Siquén, ciudad más antigua que Jerusalén con una historia conocida de más de cuatro mil años de antigüedad, está vinculada a la tradición bíblica desde Abraham hasta Jesús. «Abrán atravesó el país hasta el lugar sagrado de Siquén, hasta la encina de Mamré. Por entonces estaban los cananeos en el país. Yahvé se apareció a Abrán y le dijo: ‘a tu descendencia he de dar esta tierra’» (Génesis 12,6.7). Como consecuencia de la escisión de las doce tribus y de la proclamación del Dios de Abraham, Isaac y Jacob en dos centros religiosos rivales ubicados en Jerusalén y en el Monte Gerizim, se consolidó la separación de los hijos de Israel e inició la pugna cuyos frutos de ira y desconfianza subyacen a la pregunta de la samaritana: «¿Cómo tú, siendo judío, me pides de beber a mí, que soy una mujer de Samaria?».
Un milenio antes del inicio del conflicto entre las doce tribus, Siquén fue arrebatada por Jacob y sus hijos a los jivitas —de origen cananeo— en venganza por el rapto y violación de Dina, hija de Jacob. Narra el libro de Génesis que el hijo de Jamor, príncipe de la región, «la vio, se la llevó, se acostó con ella y la humilló ». Después, «se sintió atraído por Dina» y dijo a su padre «Tómame a esta chica por mujer» (Génesis 34,2.4). Como estratagema, los hijos de Jacob pusieron la condición que, para entregarles a su hermana, todos los hombres debían circuncidarse: «Al tercer día, mientras ellos estaban con los dolores de la circuncisión, dos hijos de Jacob, Simeón y Leví, hermanos de Dina, blandieron cada uno su espada y, entrando en la ciudad sin riesgo, mataron a todos los varones. También mataron a Jamor y a (su hijo) Siquén a filo de espada: tomaron a Dina… y salieron. Los hijos de Jacob pasaron sobre los muertos, pillaron la ciudad que había violado a su hermana y se apoderaron de sus rebaños… de cuanto había en la ciudad y en el campo. Saquearon toda su hacienda, incluso sus pequeñuelos y sus mujeres, y pillaron todo lo que había dentro» (Génesis 34,25.29).

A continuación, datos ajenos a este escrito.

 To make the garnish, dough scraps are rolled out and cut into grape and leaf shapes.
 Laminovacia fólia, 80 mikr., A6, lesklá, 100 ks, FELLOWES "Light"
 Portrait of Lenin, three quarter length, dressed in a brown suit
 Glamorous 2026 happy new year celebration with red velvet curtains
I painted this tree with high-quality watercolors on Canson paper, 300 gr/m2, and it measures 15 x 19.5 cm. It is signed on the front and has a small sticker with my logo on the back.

En esta tierra de violencia ancestral, ante la pregunta de la samaritana, «¿Cómo tú, siendo judío, me pides de beber a mí, que soy una mujer de Samaria?», Jesús respondió con la metáfora del agua viva relacionada con el conocimiento eterno, en contraposición con el agua del pozo de Jacob que refleja el conocimiento temporal. Contrastó: «Todo el que beba de esta agua (del pozo de Jacob) volverá a tener sed; pero el que beba del agua que yo le dé no tendrá sed jamás… se convertirá en él en fuente de agua que brota para vida eterna» (Juan 4,13-14). Cuando una persona salta del conocimiento temporal al conocimiento eterno, deja de someterse a doctrinas religiosas y a instituciones. La samaritana dio ese salto: «…dame de esa agua, para no volver a tener sed y no tener que venir aquí a sacarla» (Juan 4,15), mostrando su liberación de adoctrinamientos de antigua raigambre.

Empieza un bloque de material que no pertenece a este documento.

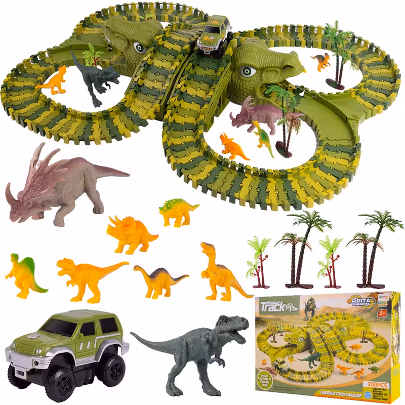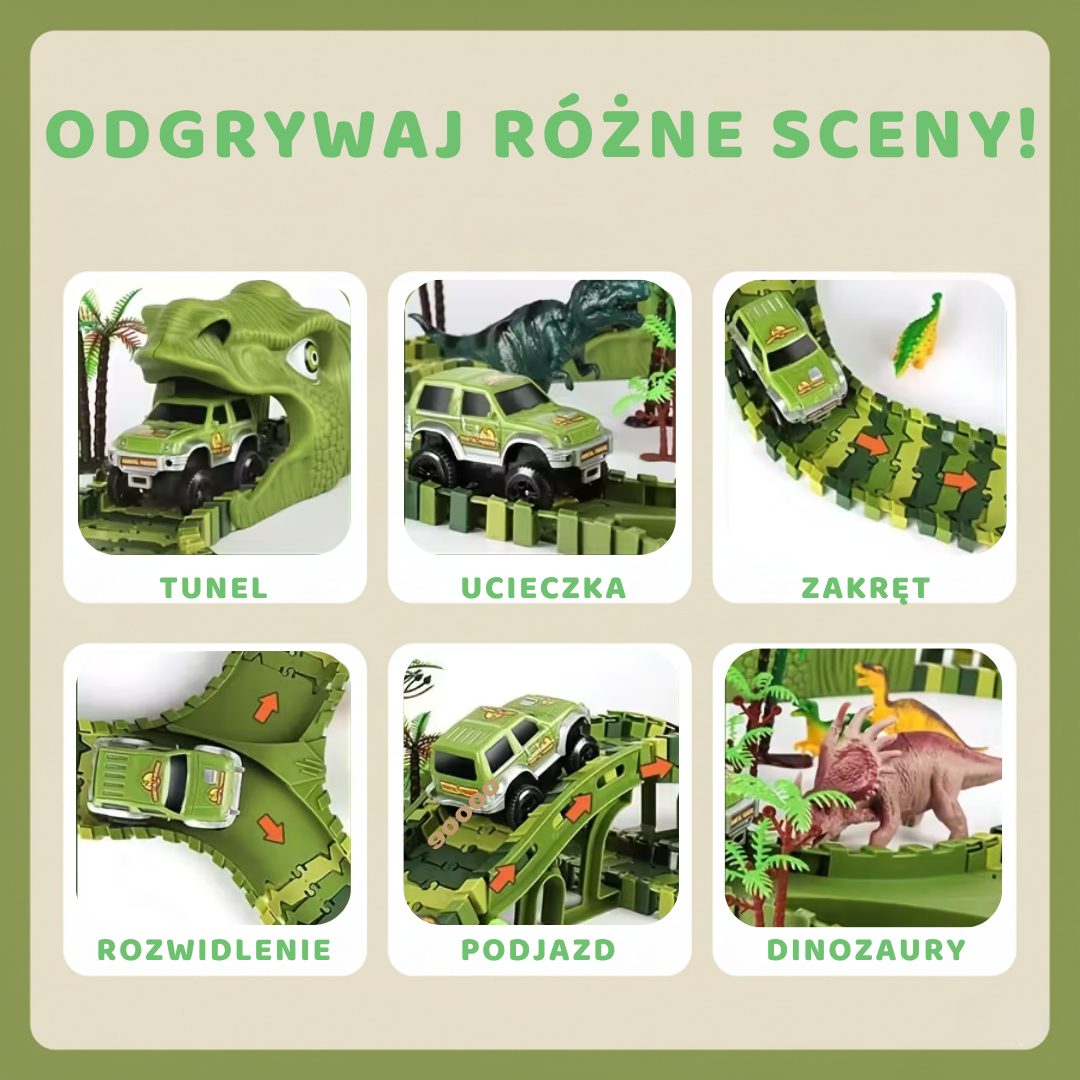 Elastyczne segmenty toru pozwalają na łatwe łączenie i modyfikowanie trasy, a realistyczne figurki dinozaurów i elementy krajobrazu sprawiają, że każda zabawa zamienia się w nową przygodę. 🚗🦖
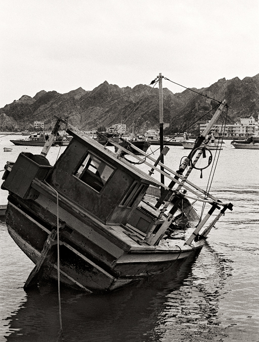 Visiting Muscat harbour anchorage at the entrance to a bay overlooked by the Sultan of Oman’s Muscat palace; there has been a tradition for ships crew to paint the name of their vessel on the rocks surrounding this bay.
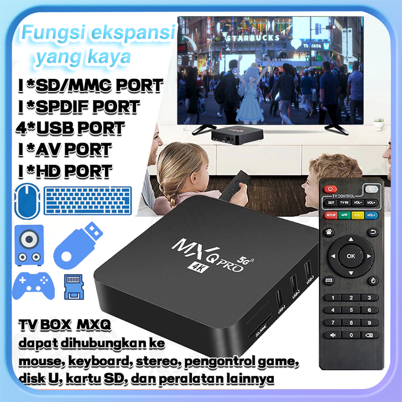 【𝒁𝑶𝑹𝑰𝑬𝑺】MXQ PRO Android TV Box 4K HD Smart Set Top Box 4G+32G Bluetooth digital Stb TV BOX Smart TV 4K Ultra HD Android TV BOX MXQ PRO 4K 5G Android TV Box full aplikasi tv box android terbaru
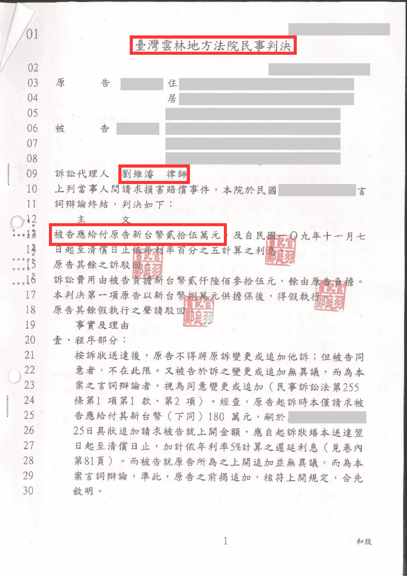 以下分享三則雲林在地的真實案例,看劉維濬律師與陳貞宜律師如何蒐集證據與庭訊辯護,為當事人爭取到最公正的判決結果。
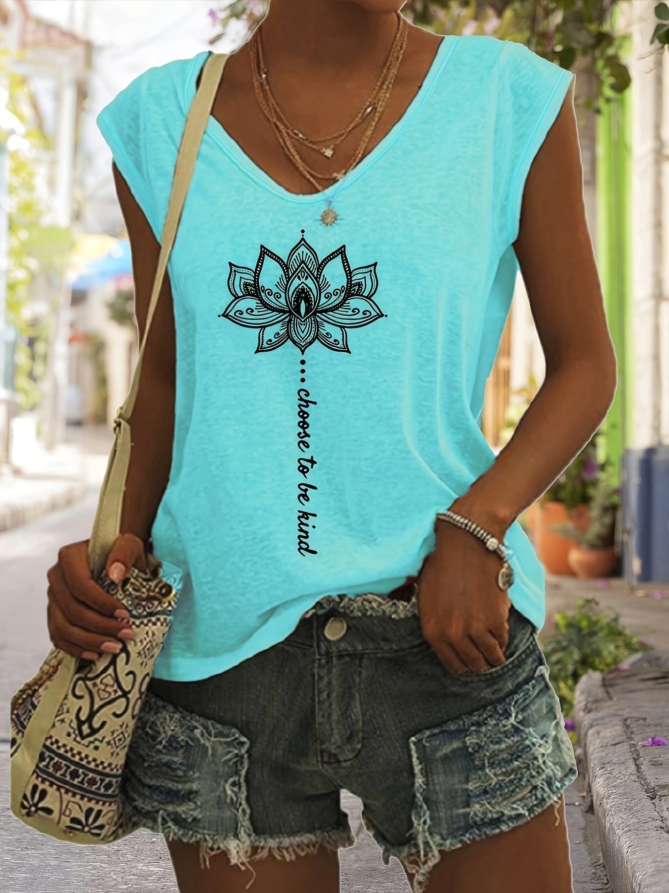 Lotus Print V-Neck Top – Cap Sleeve Casual Sommerbluse für Frauen

Esta última frase «y no tener que venir aquí a sacarla» expresa la transformación de su universo conceptual: el pozo de Jacob, al que antes de la comprensión del mensaje de unidad proclamado por Jesús le adjudicara un gran valor simbólico ligado al Patriarca de Israel, perdió relevancia. Igualmente desapareció la falsa idea concerniente a la mayor legitimidad de alguno de los dos templos rivales: «Dios es espíritu» (Juan 4,24), no reside en Jerusalén ni en Gerizim. Los pensamientos y sentimientos de millones de personas de las tres religiones abrahámicas que durante milenios han hecho un ídolo de Jerusalén, crearon y sostienen cúmulos de energía organizada e inteligente —egregores— de odio y rivalidad que mantienen la dramática situación de la región. Jesús no sólo pasó por alto la pugna acerca de los templos, sino desestimó de forma general la importancia de los lugares considerados sagrados en la experiencia espiritual a la que invita el Padre y de la que él fue mensajero. En contraste, realzó la trascendencia del ser humano por encima de las religiones y sus ídolos: «Créeme, mujer, que llega la hora en que ni en este monte ni en Jerusalén adoraréis al Padre…. llega la hora (ya estamos en ella) en que los adoradores verdaderos adorarán al Padre en espíritu y en verdad, porque así quiere el Padre que sean los que le adoren» (Juan 4,21-23).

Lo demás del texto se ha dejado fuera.